From here on, I’ve only given the most useful hidden window placements.]
14. R1C1 = 1 (hidden single in R1) -> CFO cage at R1C1 = [123], 2,3 placed for hidden window R159C234, no 2,3 in R5C234, CFO cage at R1C9 = [456], 5,6 placed for hidden window R234C159, no 5,6 in R2C1 + R4C15 -> R2C1 = 4, placed for hidden window R234C159, no 4 in R4C5, CFO cage at R7C1 = [678], R3C1 = 9, R4C1 = 2, R4C5 = 1, R5C6 = 2, R9C234 = [419], placed for hidden window R159C234, no 1,4,9 in R5C234, clean-up: no 3 in R4C7, no 8 in R5C2
15. R89C9 = [37] -> non-consecutive, ordered cage at R7C9 = [137], CFO cage at R9C7 = [567], CFO cage at R9C5 = [23], R456C9 = [892], clean-up: no 4,5 in R6C8, no 9 in R7C8
16. R4C234 = {349} (naked triple in W1), locked for R4, 9 and locked for N4 -> R4C8 = 5, R4C67 = [67]

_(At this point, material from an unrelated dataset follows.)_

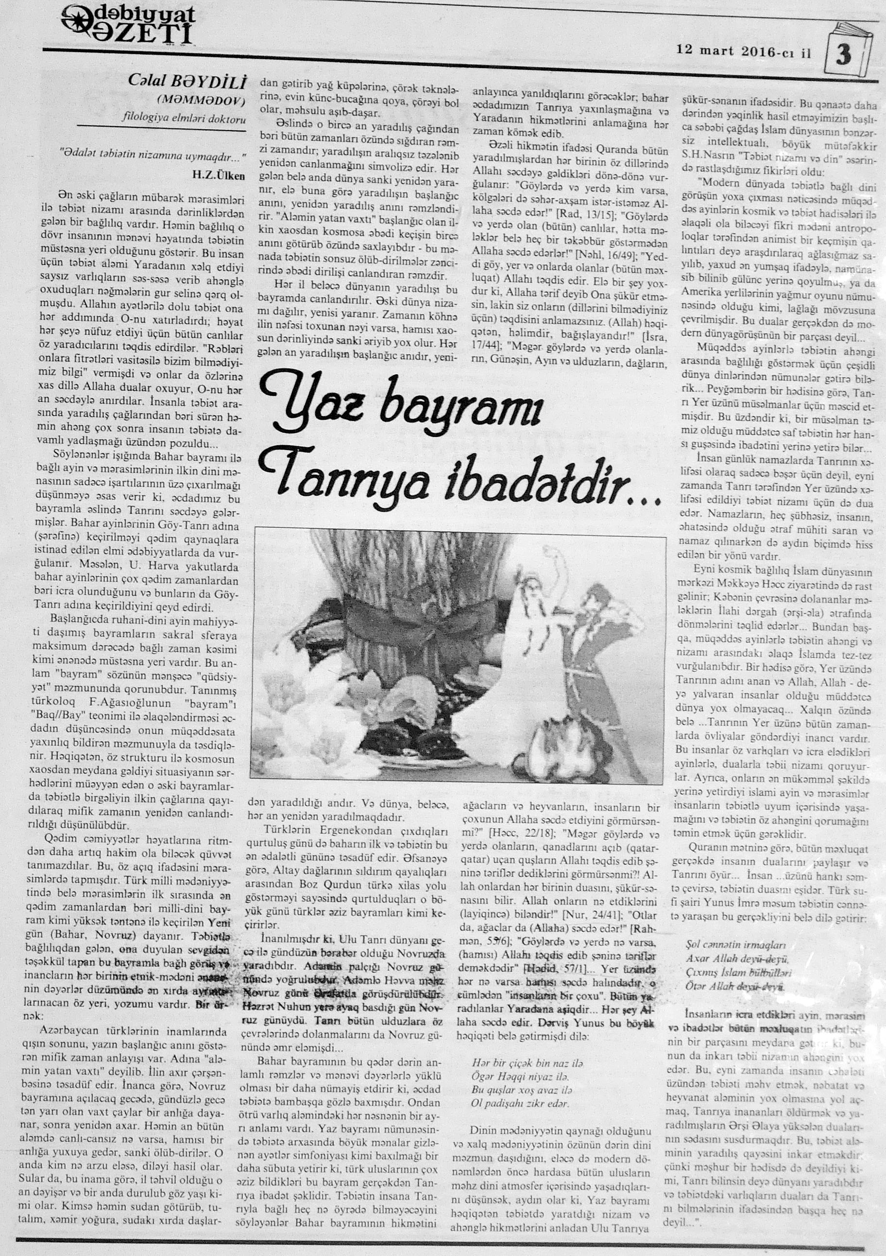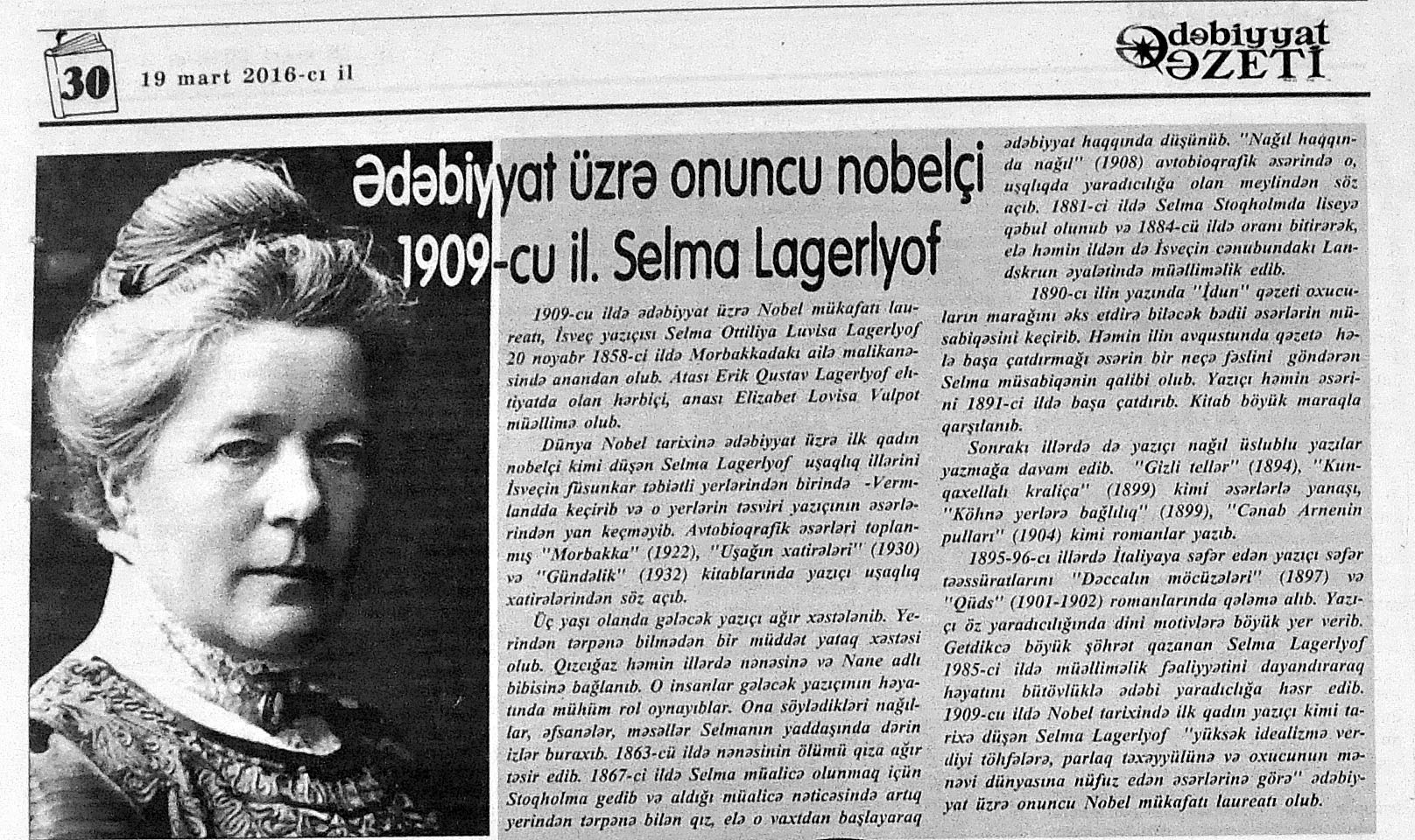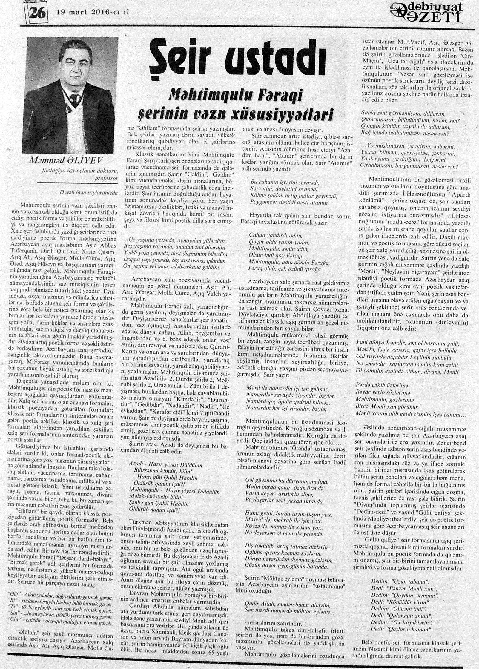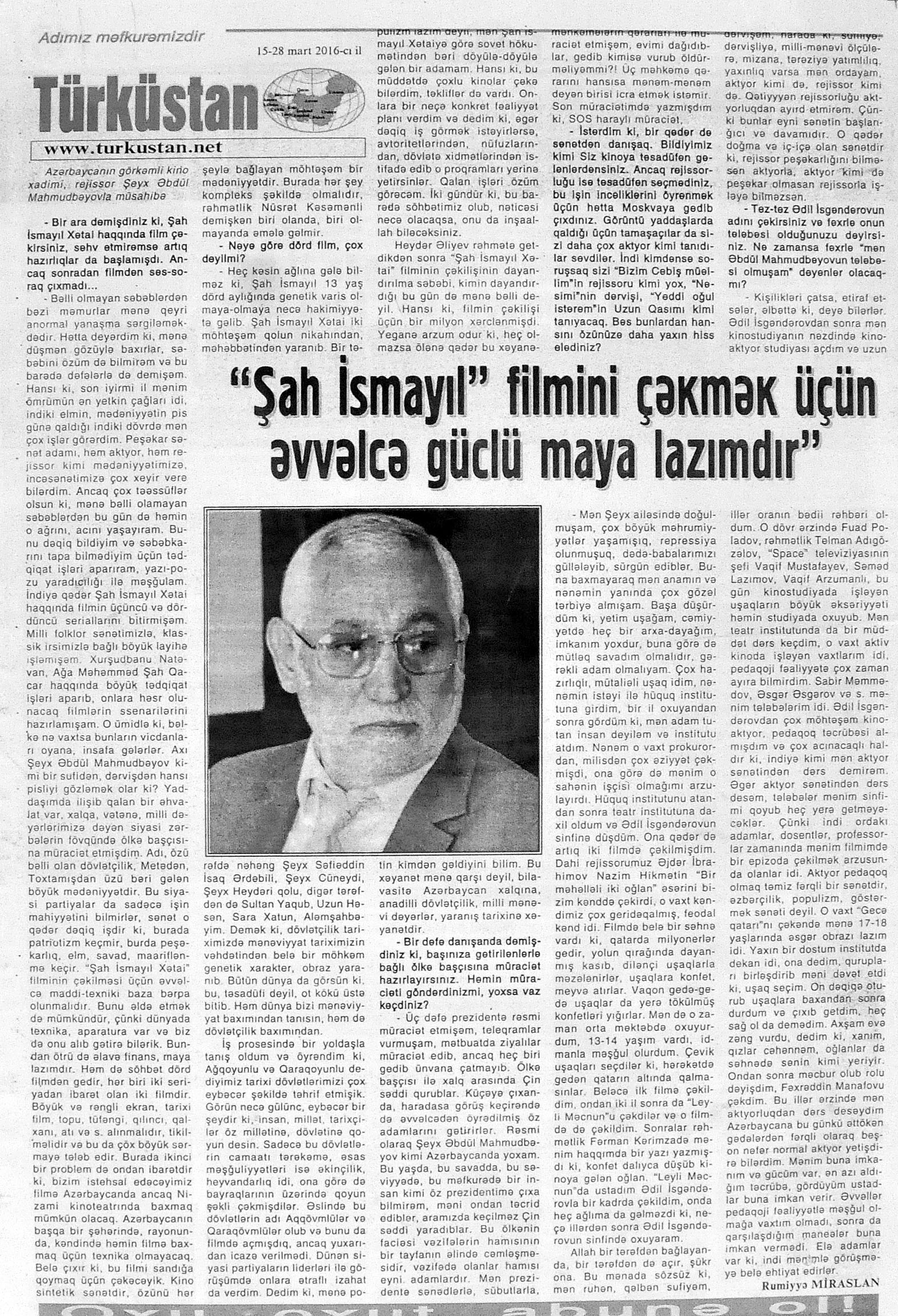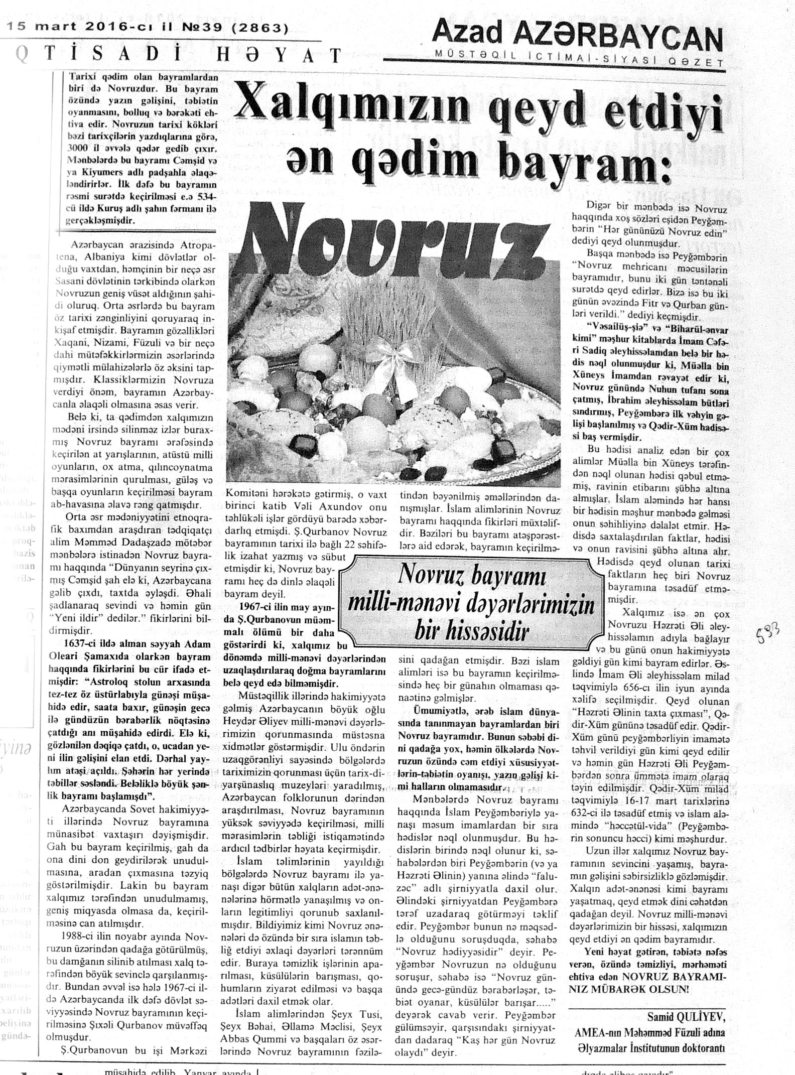 347. Gözəlov, P. Naxçıvan xanlığının iki rəngli bayrağı //Olaylar.- 2016.- 29 mart.- S.12. 348. 2016-cı il üçün Nizami Gəncəvi adına qızıl medal müsabiqəsi elan olunub //Elm.- 2016.- 11 mart.- S. 8. 349. İsmayıl. “Çecə vərəqləri”: 124 yaşlı satirik “Şəbnamə” qəzeti “Molla Nəsrəddin”dən öncə nəşr olunub //Şərq.- 2016.- 18 mart.- S.11. 350. Verdiyev, E. “Elə medallar var ki, onları özüm bərpa edirəm”: [gənc kolleksiyaçı Elçibəy Verdiyevlə müsahibə] /müsahibəni apardı Tural Turan //Həftə içi.- 2016.- 17 mart.- S.4.
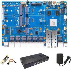 youyeetoo BPI-R4 Pro 8X/4E WiFi 7 Router Board, 8GB DDR4 MT7988A Cortex-A73 1.8GHz, 2x10G SFP+ 4x2.5GbE Ports, Support OpenWrt for Advanced Networking/NAS (Metal case kit,R4 Pro 8X)

17. Naked triple {678} in R5C234, locked for R5
17a. R6C7 = 6 (hidden single in N6)
17b. R5C2 = 6 (hidden single in N4) -> CFO cage at R5C2 = [67]
17c. R2C23 = [86]
18. R8C8 = 9 (hidden single in N9) -> CFO cage at R8C7 = [89], R3C78 = [18]
19. Naked pair {25} in R8C23 = [52] -> R7C23 = [39], R3C23 = [75], R4C234 = [943], R6C2 = 1, R8C6 = 1
20. R6C8 = 3 -> CFO cage at R6C8 = [34]
and the rest is naked singles, without using the windows.